• **TASK OBJECTIVE**
An exact, complete printout of the listing is wanted, minus its images.

• **AVAILABLE DATA**
=== Begin Enclosure ===

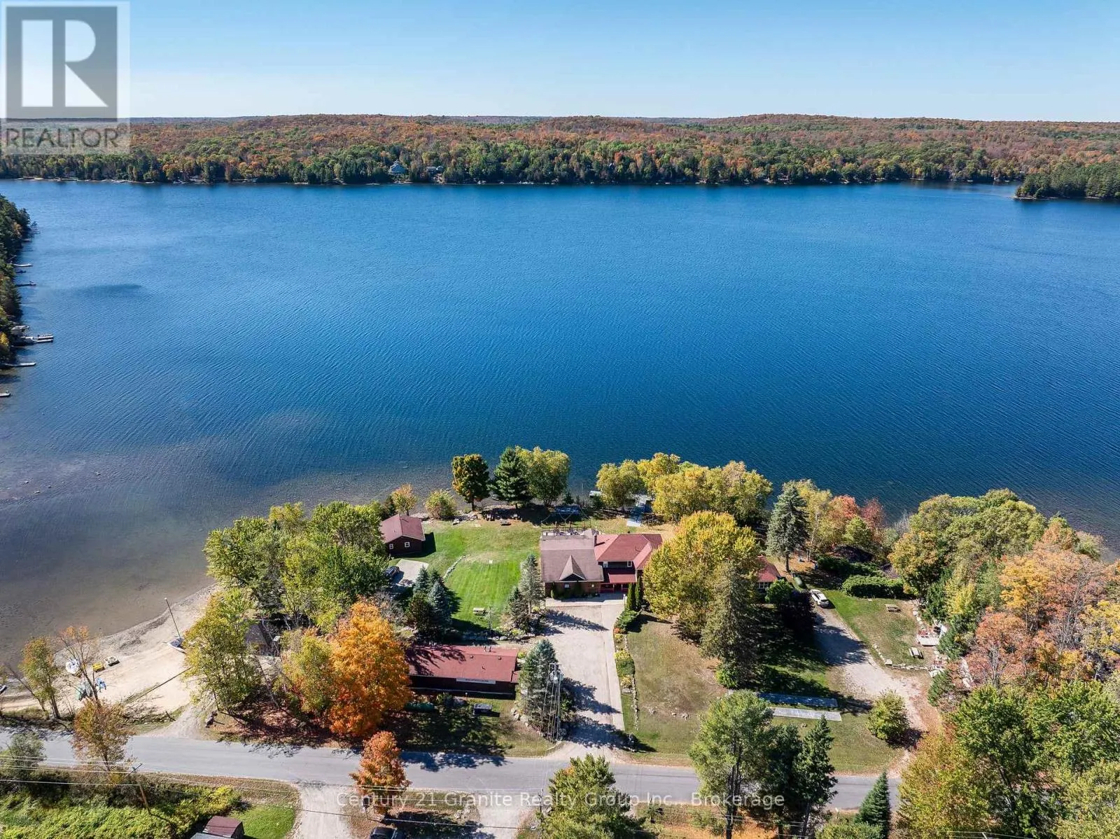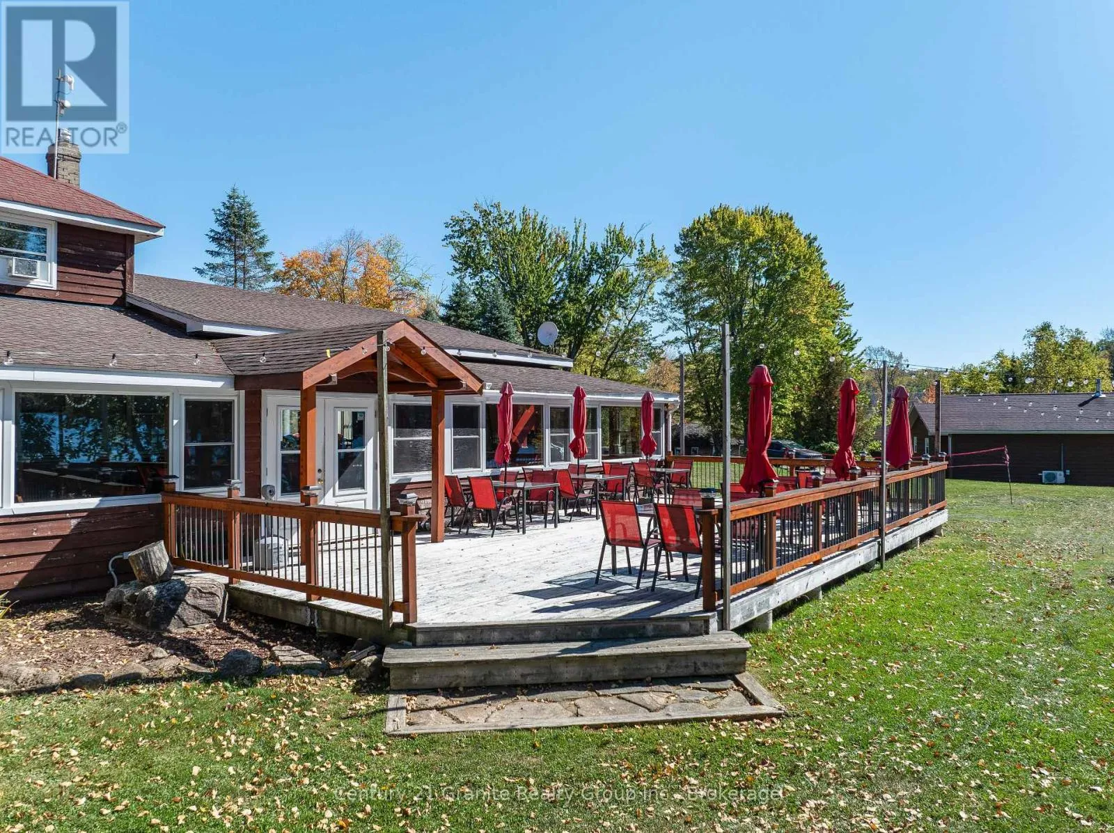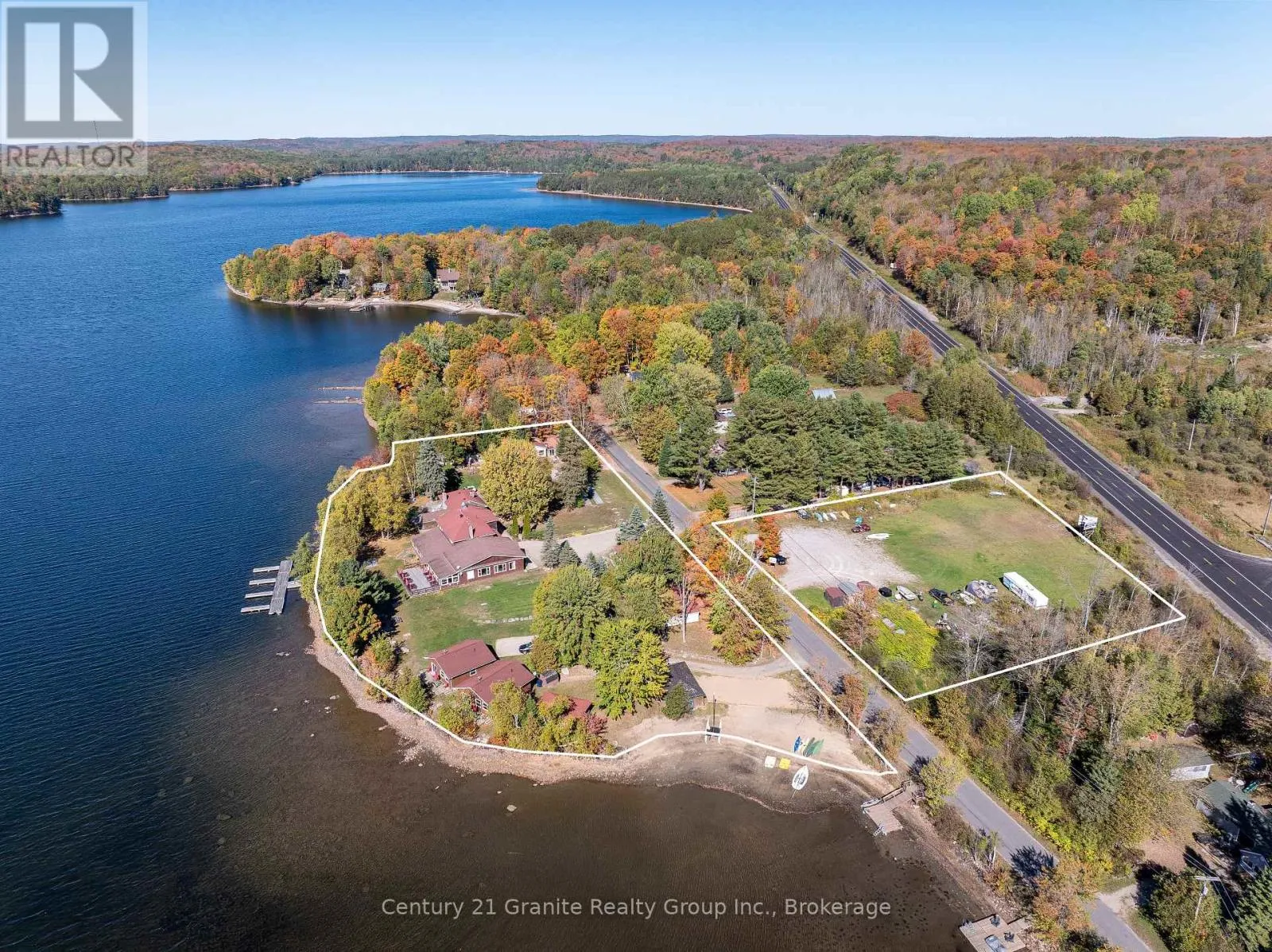 Welcome to the Red Umbrella Inn, a cherished 4-season resort on Twelve Mile Lake, part of the sought-after 3-lake chain with Little and Big Boshkung. Sitting on 3.5 acres of level, pie-shaped land with stunning southern and western exposures, this property showcases unforgettable sunsets and a private sand beach tucked into a sheltered bay. A large multi-slip dock at the
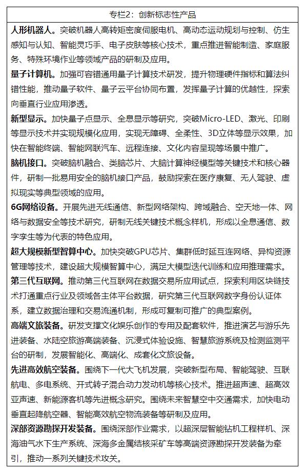 6.做強未來高端裝備。面向國家重大戰(zhàn)略需求和人民美好生活需要,加快實施重大技術(shù)裝備攻關(guān)工程,突破人形機器人、量子計算機、超高速列車、下一代大飛機、綠色智能船舶、無人船艇等高端裝備產(chǎn)品,以整機帶動新技術(shù)產(chǎn)業(yè)化落地,打造全球領(lǐng)先的高端裝備體系。深入實施產(chǎn)業(yè)基礎(chǔ)再造工程,補齊基礎(chǔ)元器件、基礎(chǔ)零部件、基礎(chǔ)材料、基礎(chǔ)工藝和基礎(chǔ)軟件等短板,夯實未來產(chǎn)業(yè)發(fā)展根基。
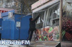 В Керчи, 31 января на улице Генерала Петрова, грузовик въехал в ларек. Как Керчь.ФМ рассказали очевидцы, грузовик проезжая мимо колбасного ларька зацепился за его козырек и начал его тянуть. Из-за скользкой дороги водитель машины не смог вовремя затормозить.
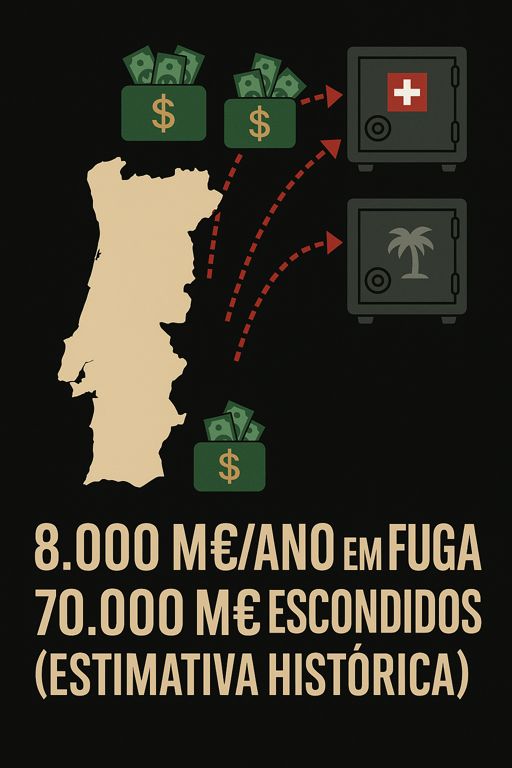 - Histórico (estimativa 2016): ~69 mil M€ de riqueza portuguesa em offshores (≈36 mil M€ na Suíça).

=== End Enclosure ===

• **SOLVED PROBLEM**
 Welcome to the Red Umbrella Inn, a cherished 4-season resort on Twelve Mile Lake, part of the sought-after 3-lake chain with Little and Big Boshkung. Sitting on 3.5 acres of level, pie-shaped land with stunning southern and western exposures, this property showcases unforgettable sunsets and a private sand beach tucked into a sheltered bay. A large multi-slip dock at the
 6.做強未來高端裝備。面向國家重大戰(zhàn)略需求和人民美好生活需要,加快實施重大技術(shù)裝備攻關(guān)工程,突破人形機器人、量子計算機、超高速列車、下一代大飛機、綠色智能船舶、無人船艇等高端裝備產(chǎn)品,以整機帶動新技術(shù)產(chǎn)業(yè)化落地,打造全球領(lǐng)先的高端裝備體系。深入實施產(chǎn)業(yè)基礎(chǔ)再造工程,補齊基礎(chǔ)元器件、基礎(chǔ)零部件、基礎(chǔ)材料、基礎(chǔ)工藝和基礎(chǔ)軟件等短板,夯實未來產(chǎn)業(yè)發(fā)展根基。
 В Керчи, 31 января на улице Генерала Петрова, грузовик въехал в ларек. Как Керчь.ФМ рассказали очевидцы, грузовик проезжая мимо колбасного ларька зацепился за его козырек и начал его тянуть. Из-за скользкой дороги водитель машины не смог вовремя затормозить.
 - Histórico (estimativa 2016): ~69 mil M€ de riqueza portuguesa em offshores (≈36 mil M€ na Suíça).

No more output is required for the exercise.